Williston is a city in and the county seat of Williams County, North Dakota, United States. The 2020 census gave its population as 29,160, making Williston the sixth-most populous city in North Dakota.

It is near the southeast edge of the Williston Basin, named after the city. This huge subterranean geologic feature is known for its rich deposits of petroleum, coal, and potash, which contributed to the city's population nearly doubling between 2010 and 2020, due largely to the North Dakota oil boom.

Williston's newspaper is the weekly Williston Herald.
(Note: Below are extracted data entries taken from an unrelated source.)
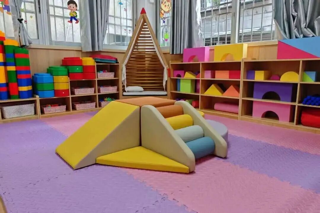 室内区域划分为:蒙氏游戏区、感统游戏区、奥尔夫音乐角、绘本区……该中心负责人表示,中心构建了三大亮点课程,从心智、身体到感官,全方位支持婴幼儿的协调发展。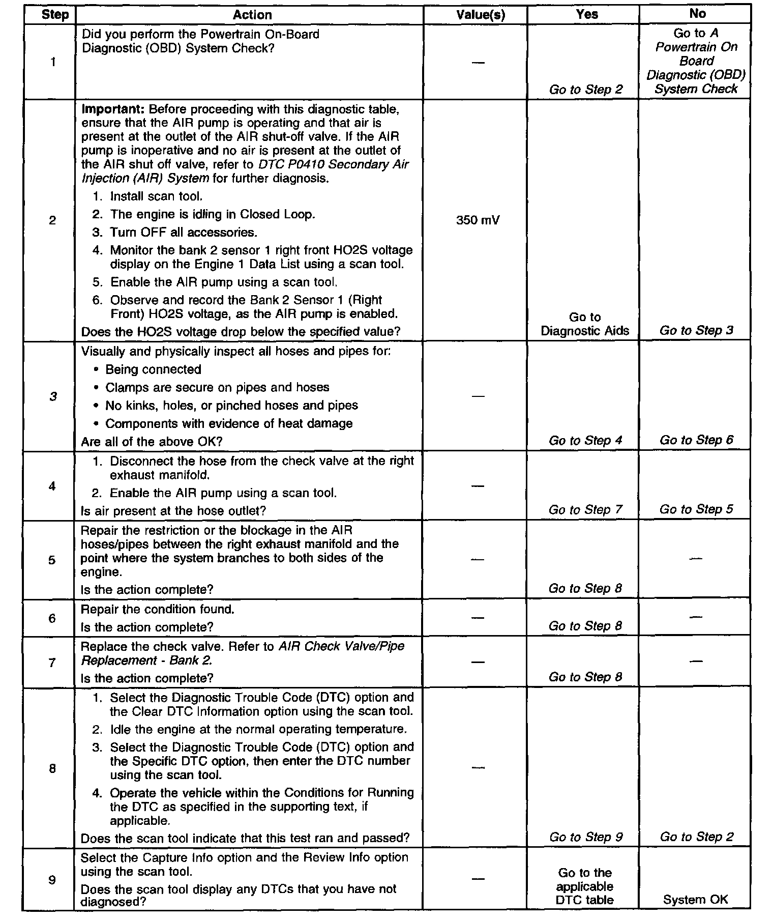 If the PCM determines that the HO2S voltages for both banks did not respond as expected during the tests, DTC P0410 sets. If only one sensor responded, the PCM sets either a DTC P1415 or P1416 to indicate on which bank the AIR system is inoperative.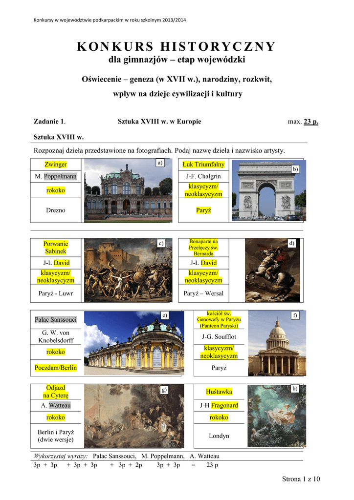 Konkursy w województwie podkarpackim w roku szkolnym 2013/2014 KONKURS HISTORYCZNY dla gimnazjów – etap wojewódzki Oświecenie – geneza (w XVII w.), narodziny, rozkwit, wpływ na dzieje cywilizacji i kultury Zadanie 1. Sztuka XVIII w. w Europie max. 23 p. Sztuka XVIII w. Rozpoznaj dzieła przedstawione na fotografiach. Podaj nazwę dzieła i nazwisko artysty. Zwinger a) Łuk Triumfalny M. Poppelmann J-F. Chalgrin rokoko klasycyzm/ neoklasycyzm Drezno Paryż Porwanie Sabinek c) Bonaparte na Przełęczy św. Bernarda J-L David J-L David klasycyzm/ neoklasycyzm klasycyzm/ neoklasycyzm Paryż - Luwr Paryż – Wersal Pałac Sanssouci e) kościół św. Genowefy w Paryżu (Panteon Paryski) G. W. von Knobelsdorff J-G. Soufflot rokoko klasycyzm/ neoklasycyzm Poczdam/Berlin Paryż Odjazd na Cyterę g) Huśtawka A. Watteau J-H Fragonard rokoko rokoko Berlin i Paryż (dwie wersje) Londyn b) d) f) h) Wykorzystaj wyrazy: Pałac Sanssouci, M. Poppelmann, A. Watteau 3p + 3p + 3p + 3p + 3p + 2p 3p + 3p = 23 p Strona 1 z 10 Konkursy w województwie podkarpackim w roku szkolnym 2013/2014 Zadanie 2. Sztuka XVIII w. w Europie max. 13 p. a) Zaznacz literą „X” cztery prawidłowe odpowiedzi Za panowania jakiego władcy we Francji najbardziej dynamicznie rozwijała się sztuka…: Ludwika XIV Ludwika XV Ludwika XVI Napoleona Bonaparte – klasycyzmu / neoklasycyzmu X – rokoka – baroku X X X a) 4 p. b) Czym charakteryzowała się sztuka: klasycyzmu/ neoklasycyzmu i rokoka. Używaj wyłącznie podanych wyrazów i wyrażeń: zamiłowaniem do małych form, bogactwem elementów zdobniczych, ornamentyką roślinną, harmonią, ładem i klasycznymi proporcjami, tematyką miłosną, wdziękiem i lekkością monumentalizmem w architekturze, niewielką ilością ozdób, nawiązaniem do antyku – klasycyzmu/ neoklasycyzmu – rokoka nawiązaniem do antyku zamiłowanie do małych form ładem i klasycznymi proporcjami tematyką miłosną harmonią niewielką ilością ozdób ornamentyką roślinną bogactwem elementów zdobniczych monumentalizmem w architekturze wdziękiem i lekkością b) 8 p. c) Zaznacz literą „X” prawidłową odpowiedź Odkrycie Herkulanum i Pompei odcisnęło piętno na sztuce: baroku rokoka klasycyzmu/neoklasycyzmu X c) 1 p. Strona 2 z 10 Konkursy w województwie podkarpackim w roku szkolnym 2013/2014 Zadanie 3. Filozofowie – twórcy epoki Oświecenia max. 19 p. I. Kto jest autorem słów: Prawda „myślę więc jestem” była tak niezachwiana i pewna, że wszelkie najbardziej dziwaczne przypuszczenia sceptyków nie zdołały jej zachwiać, uznałem bez obawy błędu, że mogę ją przyjąć jako pierwszą zasadę filozofii, której poszukiwałem. Kiedy w jednej i tej samej osobie władza prawodawcza zespolona jest z wykonawczą, nie ma wolności; ponieważ można się lękać, aby ten sam monarcha albo ten sam senat nie stanowił tyrańskich praw, które będzie tyrańsko wykonywał. Nie ma również wolności, jeśli władza sądowa nie jest oddzielona od prawodawczej i wykonawczej. Gdyby była połączona z władzą prawodawczą, władza nad życiem i wolnością obywateli była by dowolna: sędzia bowiem byłby prawodawcą. Kartezjusz Monteskiusz Oświecenie to wyjście człowieka ze stanu niepełnoletności, w którą popadł z własnej winy. Wolność to prawo czynienia wszystkiego co nie jest zabronione. Kant Monteskiusz 4p II. Którzy z wymienionych filozofów (Monteskiusz, Kant, Kartezjusz, Locke, Spinoza, Leibniz, Rousseau) są autorami zamieszczonych poniżej sentencji/maksym ? Użyj jedynie pięciu spośród podanych nazwisk filozofów. Jakie idee/pojęcia znalazły odbicie w podkreślonych sentencjach ? Użyj jedynie czterech spośród podanych nazw pojęć: ( racjonalizm, empiryzm, panteizm, imperatyw kategoryczny, teodycea) „tabula rasa” („czysta karta”) „Niebo gwiaździste nade mną, prawo moralne we mnie.” nazwisko pojęcie Locke empiryzm Kant „Cokolwiek istnieje, jest w Bogu. Bóg jest Naturą a Natura Bogiem” Spinoza panteizm „Gdyby ten świat nie był najdoskonalszy z możliwych, Bóg by go nie stworzył.” Leibniz teodycea „Człowiek rodzi się wolny i dobry z natury.” „Postępuj wedle, takiej tylko zasady, co do której mógłbyś jednocześnie chcieć, aby stała się prawem powszechnym.” Rousseau Kant imperatyw kategoryczny nazwiska filozofów – 6 p, pojęcia – 4 p Strona 3 z 10 Konkursy w województwie podkarpackim w roku szkolnym 2013/2014 III. Który z wymienionych poniżej filozofów twierdził / głosił: Immanuel Kant, J. J. Rousseau, Kartezjusz, J. Locke a) że nie istnieją idee wrodzone J. Locke b) że punktem wyjścia wszelkiej refleksji jest pewność rozmyślającego co do własnego istnienia Kartezjusz c) że człowiek powinien kierować się w życiu imperatywem moralnym Kant d) hasło powrotu do natury – odejścia od cywilizacji ku stanowi pierwotnej szczęśliwości J.J. Rousseau e) że niektóre idee np. idea Boga są u człowieka wrodzone Kartezjusz 5p Zadanie 4. Wielka rewolucja francuska max. 8 p. Określ kolejność chronologiczną wydarzeń. Zaznacz wszystkie kolejnymi cyframi. Najdawniejsze oznacz cyfrą 1, a najpóźniejsze – 5. Daty zamieszczone poniżej ułatwią Ci udzielenie odpowiedzi: 14 lipca 1789, 26 sierpnia 1789, 3 września 1791, 10 sierpnia 1792, 21 września 1792, 21 stycznia 1793, 2 czerwca 1793, 17 września 1793, 28 lipca 1794, 9 listopada 1799 I a) zniesienie monarchii i ustanowienie republiki 5 21 września 1792 b) zdobycie Tuileries, uwięzienie króla 4 10 sierpnia 1792 c) uchwalenie Konstytucji z 3 września (pierwszej) 3 3 września 1791 d) uchwalenie Deklaracji Praw Człowieka i Obywatela 2 26 sierpnia 1789 e) zburzenie Bastylii, wybuch rewolucji 1 14 lipca 1789 a) przejęcie władzy przez jakobinów 2 2 czerwca 1793 b) początek wielkiego terroru 3 17 września 1793 c) przewrót termidoriański 4 28 lipca 1794 d) zamach stanu z 18 brumaire'a 5 9 listopada 1799 e) ścięc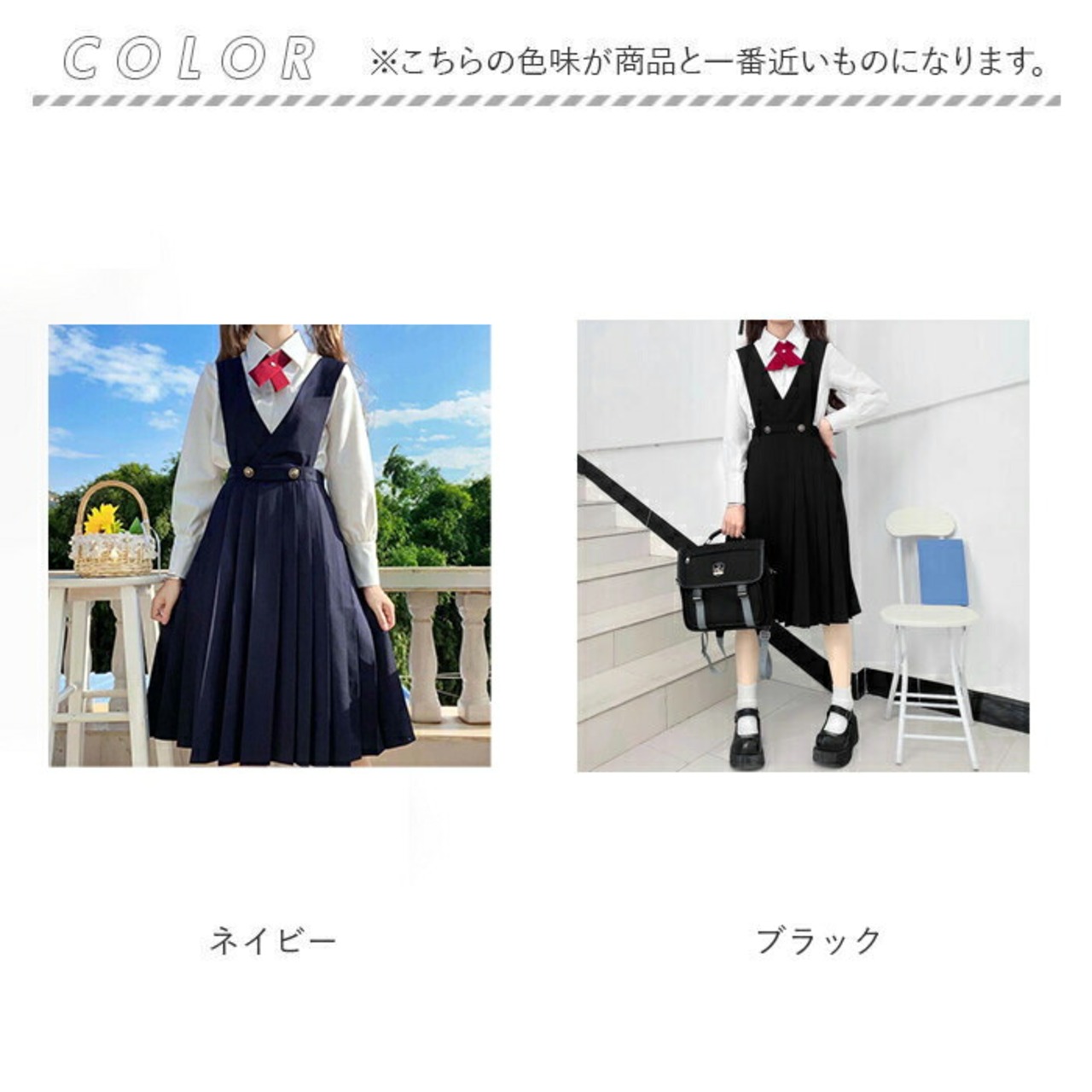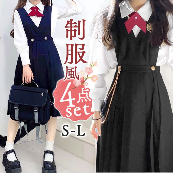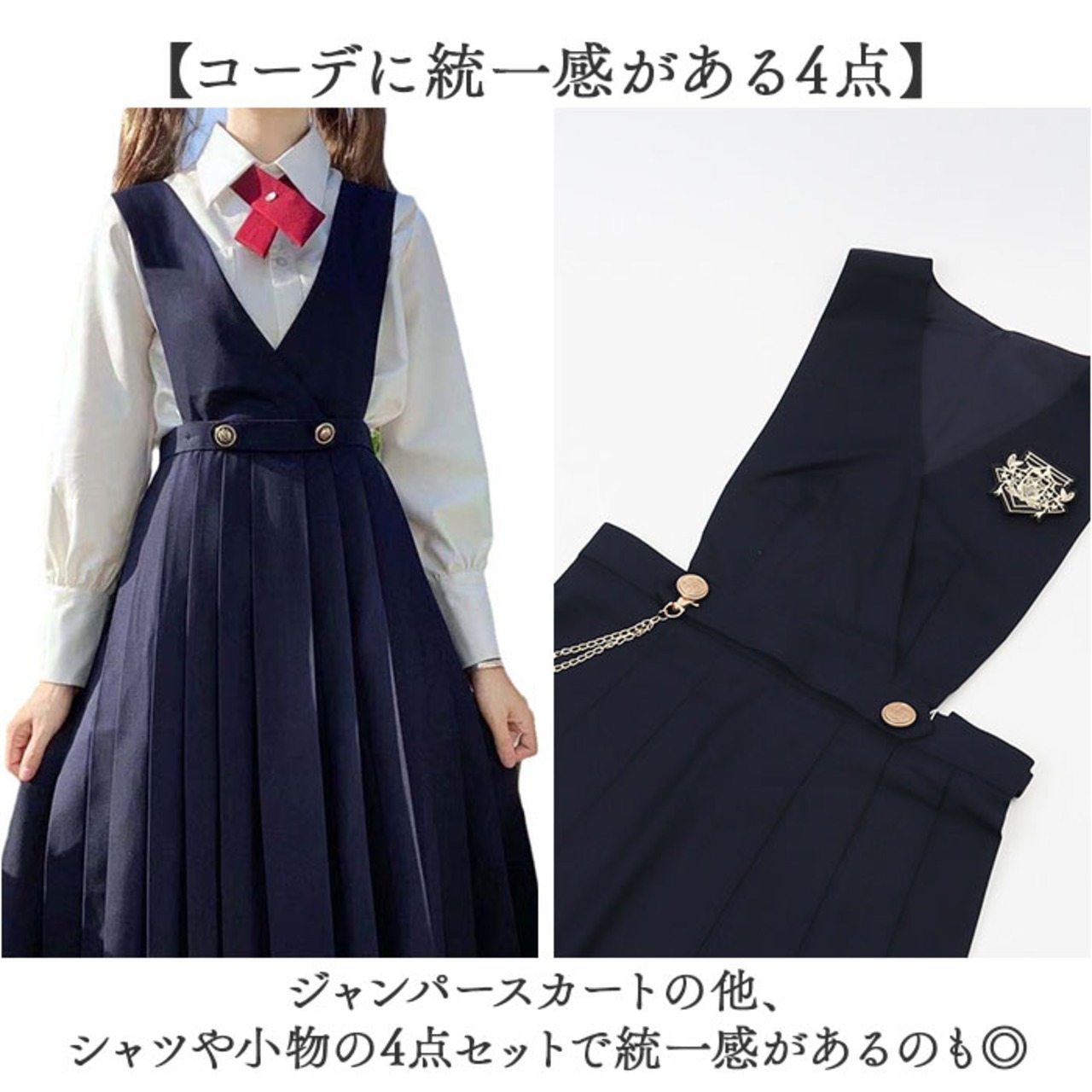 ・ジャンパースカートの他、シャツや小物の4点セットで統一感があるのも◎

Williston is the home of Williston State College and the Miss North Dakota Scholarship Pageant.

==History==
Founded in 1887, Williston was named for Daniel Willis James, a merchant and capitalist, by his friend, railroad magnate James J. Hill.

In 1907 Williston was the site of a rolling cyclone that killed two people.

==Geography==
Williston is located at the crossroads of U.S. Highways 2 and 85, near the confluence of the Yellowstone and Missouri rivers, at the upper end of the Lake Sakakawea.

According to the United States Census Bureau, the city has an area of 25.875 sqmi, of which 25.734 sqmi is land and 0.141 sqmi is water.

The municipality is 18 mi from the Montana-North Dakota border and 60 mi from the Canadian border.

===Climate===
Williston has a cold semi-arid climate; closely bordering upon a warm-summer humid continental climate. It is part of USDA Hardiness zone 4a. The normal monthly mean temperature ranges from 11.5 °F in January to 70.4 °F in July. On average, there are 2 days that reach 100 °F or higher, 22 days of 90 °F+ highs, 39 days with a low of 0 °F or below, 7 days with lows plummeting to at least −20 °F, and 6 days that do not rise above 0 °F annually. The average window for freezing temperatures is September 20 through May 21, allowing a growing season of 121 days; . Extreme temperatures officially range from −50 °F on December 23, 1983 and February 16, 1936 up to 110 °F on July 5, 1936; the record cold daily maximum is −29 °F on January 16, 1930, while, conversely, the record warm daily minimum is 78 °F last set July 19, 1974.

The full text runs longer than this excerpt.